= Pond of Abundance =

Pond or river in Paradise in Islam

Diagram of Plain of Assembly on Judgment Day, by Ibn Arabi (ca. 1238) with the Throne of God, pulpits for the righteous, seven rows of angels, Gabriel, the Barrier, the Pond of Abundance, the Praiseworthy Station where Muhammad will stand, the Scale, the Bridge, Hell, and the Meadow of Paradise.

In Islam, the Pond of Abundance or Pool of Kawthar (حَوْضُ ٱلْكَوْثَرِ) refers to a pond or river that exists in Paradise. The traditional Muslim belief is that on the Day of Judgement, when people will be resurrected, they will rise in great thirst and be eager to quench it in an atmosphere of chaos. Then, Muhammad would be the one privileged by God to respond to the pleas of believers to quench their thirst by offering them a cool and refreshing drink from the pond.

==Origin of the concept==
The Quran refers to the situation in Surah Al-Kawthar, but several exegetes maintain that the reference in the Surah is to the general abundance granted to Muhammad. In any case, the concept has come to be identified with the special reverence for Muhammad in comparison to other Prophets and Messengers of God.

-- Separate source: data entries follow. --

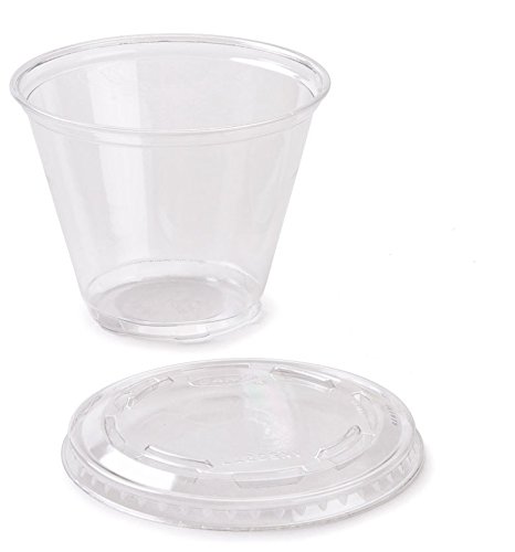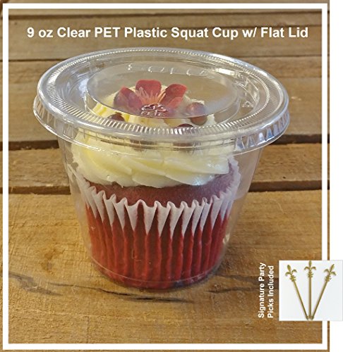 50 Count Plastic CLEAR 9 oz Squat Cup and Non-vented Flat Lid, Parfait Cup w/ Signature Party Picks
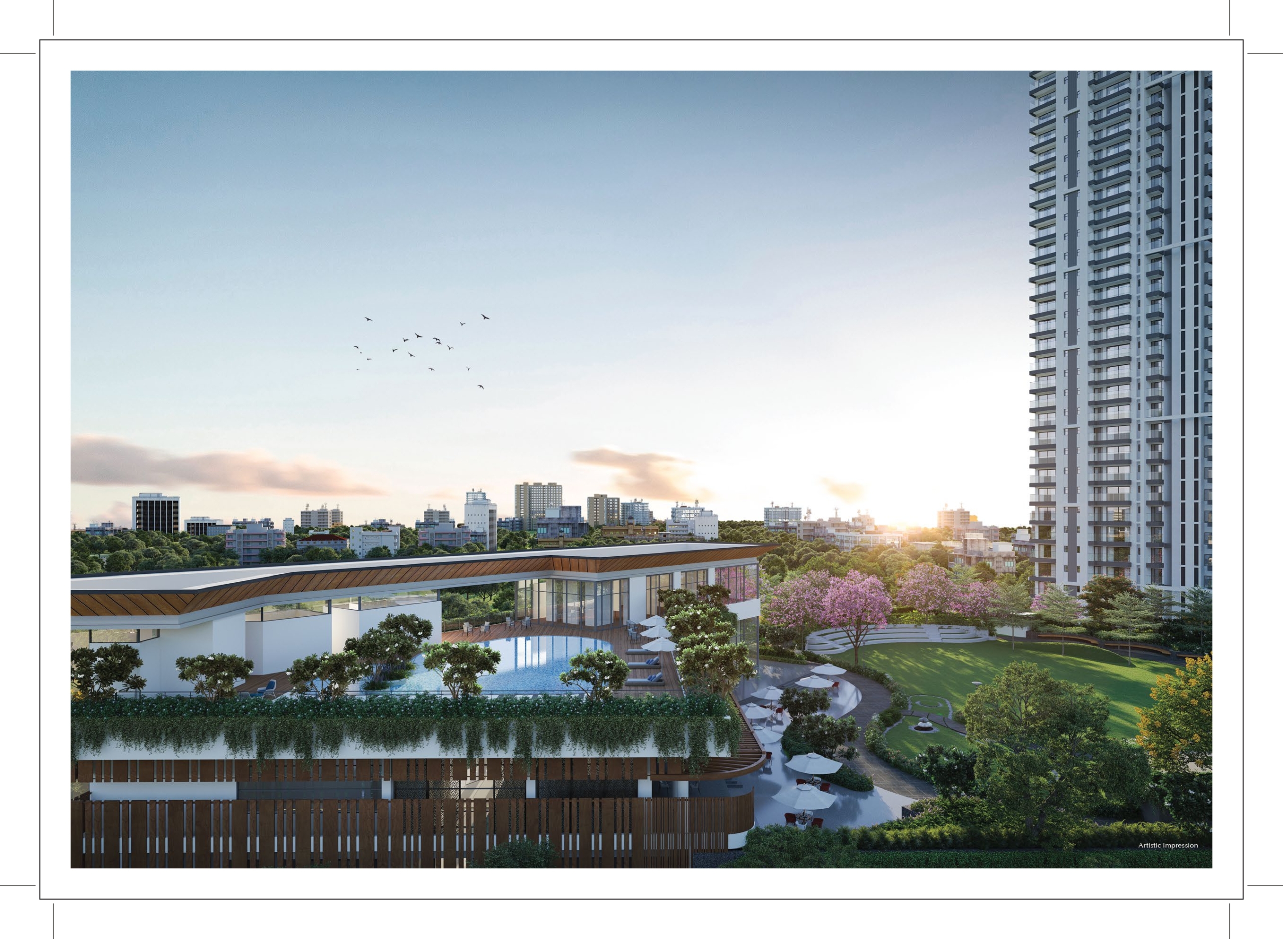 Urban Ascent images showcasing elegant interiors, lush landscaping, clubhouse, swimming pool, and exterior views.
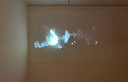 葉山嶺は本展で3つの映像作品を展示。《The Focus》(2013)は、主に古い写真集を再撮影したイメージで構成される作品で、火山や山脈、遊牧民などを写したイメージと葉山自身によるテキストが織り交ぜられている。《聴こえない足音》は、地質学、民俗学、宇宙科学を扱う古い本に掲載された図版を再撮影した写真を素材としたもの。約1分間の映像作品《Reportage !》(2015)では、紙でできた現代の家屋が燃えていく様子を、「映画の父」と呼ばれるリュミエール兄弟の初期映画にならって手回しハンドルのカメラでとらえている。
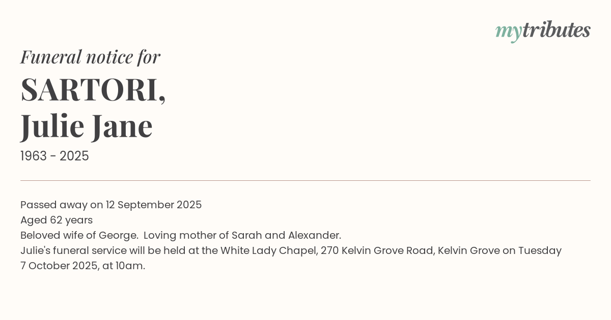 Julie's funeral service will be held at the White Lady Chapel, 270 Kelvin Grove Road, Kelvin Grove on Tuesday 7 October 2025, at 10am.

This concept also exists in Christianity in .
On the last day of the festival, the great day, while Jesus was standing there, he cried out, “Let anyone who is thirsty come to me, and let the one who believes in me drink. As the scripture has said, ‘Out of the believer’s heart shall flow rivers of living water.’”.

==Implications==
The pond's general implication is that it motivates Muslims to be conscious of the Day of Judgement and its severity and accordingly to plan to improve their afterlife. It also motivates them towards love of Muhammad and promoting the view that the events around the Day of Judgement require belief in the unseen and are highly metaphysical in nature.